World Consultation on Frontier Missions
Two hundred seventy delegates from mission agencies around the world gathered at Edinburgh, Scotland, October 27 November 1, in what was history's second world level conference to be composed of official delegates from mission boards, mission agencies, and mission societies.
Called the "World Consultation on Frontier Missions", this meeting of mission professionals followedbeautifully on the heels of the Consultation on World Evangelism in Pattaya, Thailand last June. In Thailand, 800 evangelical leaders from all over the world gathered under the question "How Shall They Hear?"
Thailand brought together outstanding evangelical leadership, the opinion makers, including a wide spectrum of pastors, denominational officials, evangelists, and evangelism specialists, as well as a number of mission leaders. All of the non Christians of the world, including nominal Christians, were the concern of the conference.
At Edinburgh, the focus was narrower: concentrating exclusively on frontier missions those populations where there is not yet any church at all. The meeting was composed of delegates sent by mission agencies.
The 270 people who participated represented at least 194 different mission structures from more than 35 countries. One hundred and two people present came from Third World countries, some of them being Western mission executives coming back from the field; but 88 of the delegates were Asian, African, and Latin American citizens representing 33 percent of the registrants at the consultation and representing 57 different Third World mission societies.
The largest delegation in proportion to the size of the country represented was the group of 40 from the United Kingdam, although Korea ran a close second. By contrast, the U.S.A. with a population four times as large, had only 84 participants.
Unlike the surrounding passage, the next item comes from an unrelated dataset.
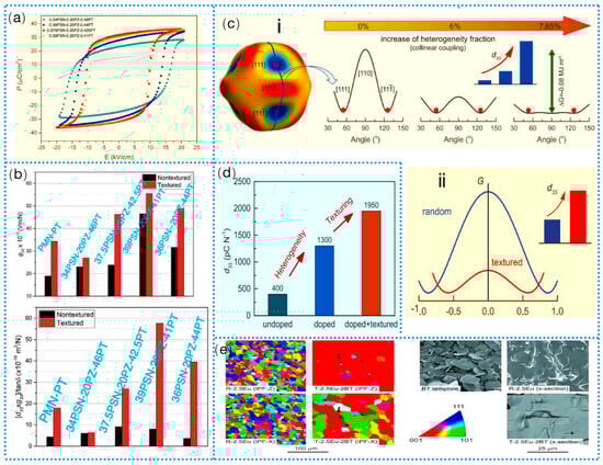 The piezoelectric properties of Pb-based ceramics can be improved by two methods, namely the formation of metamorphic phase boundaries (MPBs) and the doping of rare earth elements [96,97,98,99]. Moriana et al. [100] developed chalcogenide Pb(Sc1/2Nb1/2)O3-PbZrO3-PbTiO3(PSN-PZ-PT) systems with different compositions using the TGG method, and the ferroelectric properties are shown in Figure 7a. Comparing the degree of texturing of the templates with different contents reveals that the PT content is positively correlated with the degree of texturing, which is due to the suppression of TGG due to, for example, the higher melting points of Sc2O3 and ZrO2. As shown in Figure 7b, PSN-PZ-PT has a high Curie temperature and polarization stability while maintaining comparable piezoelectric properties to binary Pb(Mg1/3Nb2/3)O3-PbTiO3 (PMN-PT); achieving synergistic effects using the two mechanisms in the same material has been difficult because the microstructural design is affected by the compositionally induced local structural inhomogeneities. As shown in Figure 7c, Yan [101] et al. successfully addressed this challenge for the first time by proposing a synergistic design of local structural heterogeneity and grain texturing under image-only modeling and phase-field simulation, where local structural heterogeneity is introduced by doping rare earth elements (including relaxation ferroelectrics), and the d33 of the PMN-PTs is enhanced with the increase in the volume fraction of heterogeneity [101], and then PMN-PT piezoelectric ceramics are prepared using the TGG process. Figure 7d,e show that the Eu3+-doped woven PMN-PT piezoelectric ceramics are highly [001] oriented compared to the others. Li et al. [102] found that Eu3+ doping has a great influence on the morphology of the domains and the size of the domains of the PMN-0.25PT ceramics due to the fact that a high Eu3+ doping level helps to enhance the local structural inhomogeneity, disrupting the long-range ordered ferroelectric states and producing more disordered and smaller domain microstructures [102,103,104]. However, PMN-PT and PZN-PT single crystals show very low phase transition temperatures and low Curie temperatures (Tc~130–170 °C), resulting in poor temperature stability and a relatively low mechanical quality factor (Qm), both of which limit their applications [105].
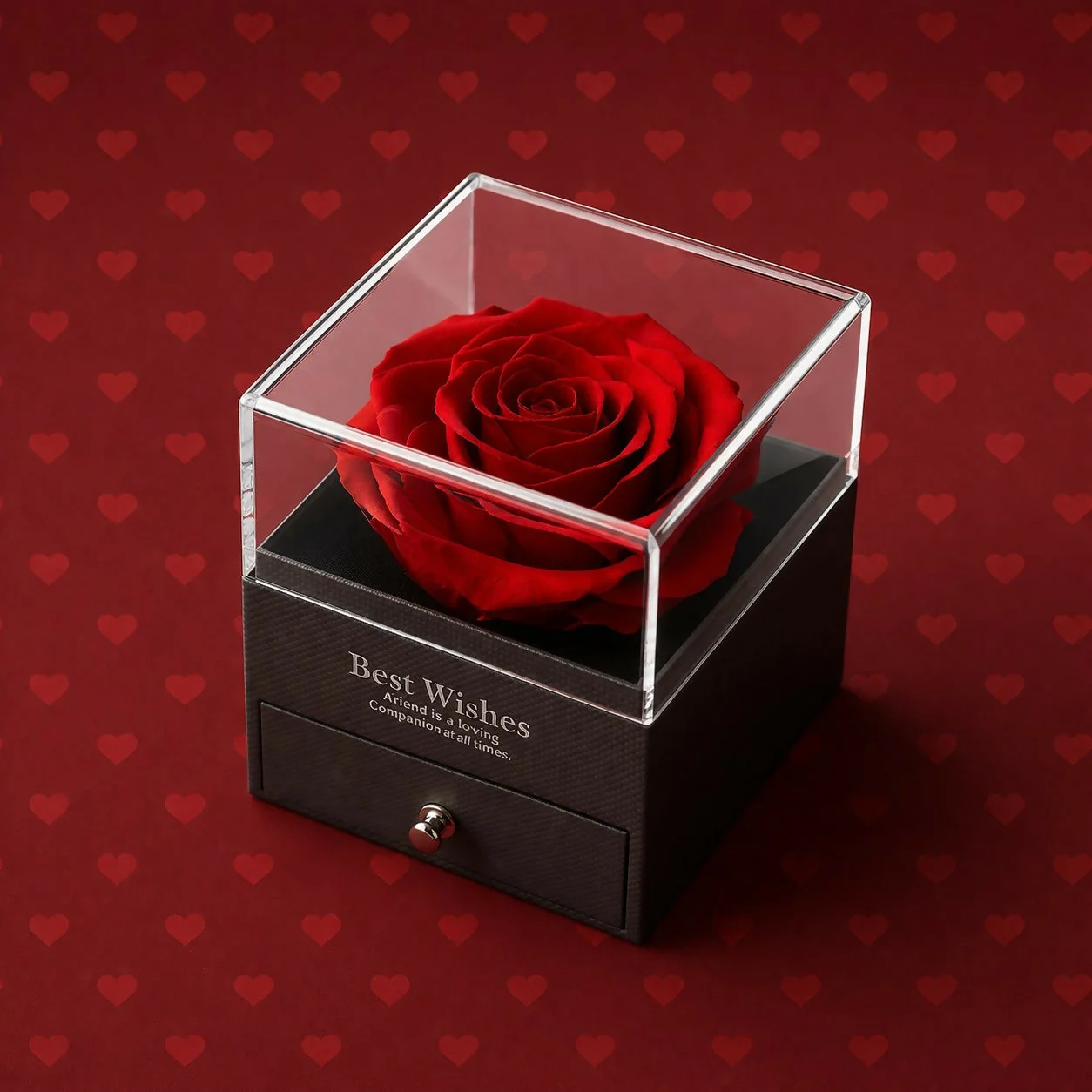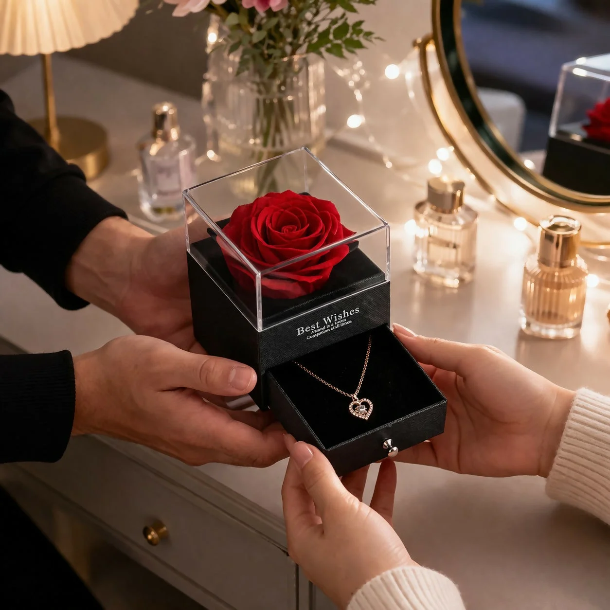 Surprise your loved ones with this elegant eternal rose gift box featuring a beautifully preserved rose under a transparent cover and a hidden drawer with a delicate necklace. Designed to symbolize everlasting love, this premium gift box is perfect for special occasions like anniversaries, birthdays, or celebrations. The stylish design adds a luxurious touch to any dressing table or home décor setup.

From Asia came 69, Europe outside of the U.K. 35, Africa 24, Latin America 9, and Canada 3.
The earlier meeting in 1910 was larger in the number of people present, but was nowhere nearly as representative since not a single non Western agency was represented (the only three known to exist at that time were left out by accident).
At Edinburgh 1980, three out of the four major plenary addresses in the morning sessions consisted of technical papers which were assigned to Third World mission leaders. The largest Third World agencies present having about 100 or more missionaries were the Evangelical Missionary Society of Nigeria, the Friends Missionary Prayer Band of India, the Indonesian Missionary Fellowship, and an Evangelical missionary group (A.M.E.N.) of Peru.
Ralph Winter challenges mission leaders with frontier vision. Evening meetings were open to the public, and the city's "Assembly Rooms" on George Street were usually filled to the last row of the balcony as the program of the conference dipped to a slightly more popular mood. Afternoon sessions consisted of a large number of task forces devoted to technical aspects of missionary outreach to the world's hidden peoples defined as those people groups where as yet there is no indigenous evangelizing church a category estimated to number 16,750. This focus gives meaning to the conference theme, "A Church for Every People by the Year 2000."Before leaving Edinburgh, the Consultation voted into existence an "International Catalyst Committee" charged with exploring the time and place for another similar meeting, and acting as a clearing house for the developing plans of the world's mission agencies to penetrate the last frontiers.
A highlight of the meeting was the unveiling, for the first time, of an index merging references to the unreached peoples from the files of World Vision's MARC, Gospel Recording's extensive files, and the Wyciffe's "Ethnologue." This index alone runs 2,700 pages, covering 168,000 items, mainly different languages and people names, many of them referring to the same populations. At the conference, delegates could walk away with 12 celluloid cards containing the entire index for just $12.
The project was rushed to completion in time for the meeting by Allan Starling of Gospel Recordings, using the computer facilities of the U.S. Center for World Mission and World Vision, International. The "Peoplesfile" microfiche cards can be obtained from the U . S. Center for World Mission for $12.
For the benefit of later, scholarly reflection, the entire proceedings were both audio taped and video taped.
A novel addition to the excitement of the conference was a sister consultation composed of 180 students from all over the world the International Student Consultation on Frontier Missions which overlapped the plenary sessions of the WCFM, but had a day and a half of additional sessions both before and after the main consultation as well as separate meetings every afternoon.The young people adopted the same consultation goal, "A Church for Every People by the Year 2000"; and demonstrated a zeal, a vision, and a competence which bodes well for world mission leadership and specifically for the goal defined for the year 2000.
Edinburgh weather was mild and dry, providing a beautiful backdrop to what was a highly inspirational, but also determinedly businesslike meeting of mission professionals, dedicated to cooperation with the larger sphere of Christian leaders which had gathered in the middle of the year in Thailand. Probable no year in this century, since 1910, has provided more hope and meaning to the world church for the cause of world evangelization.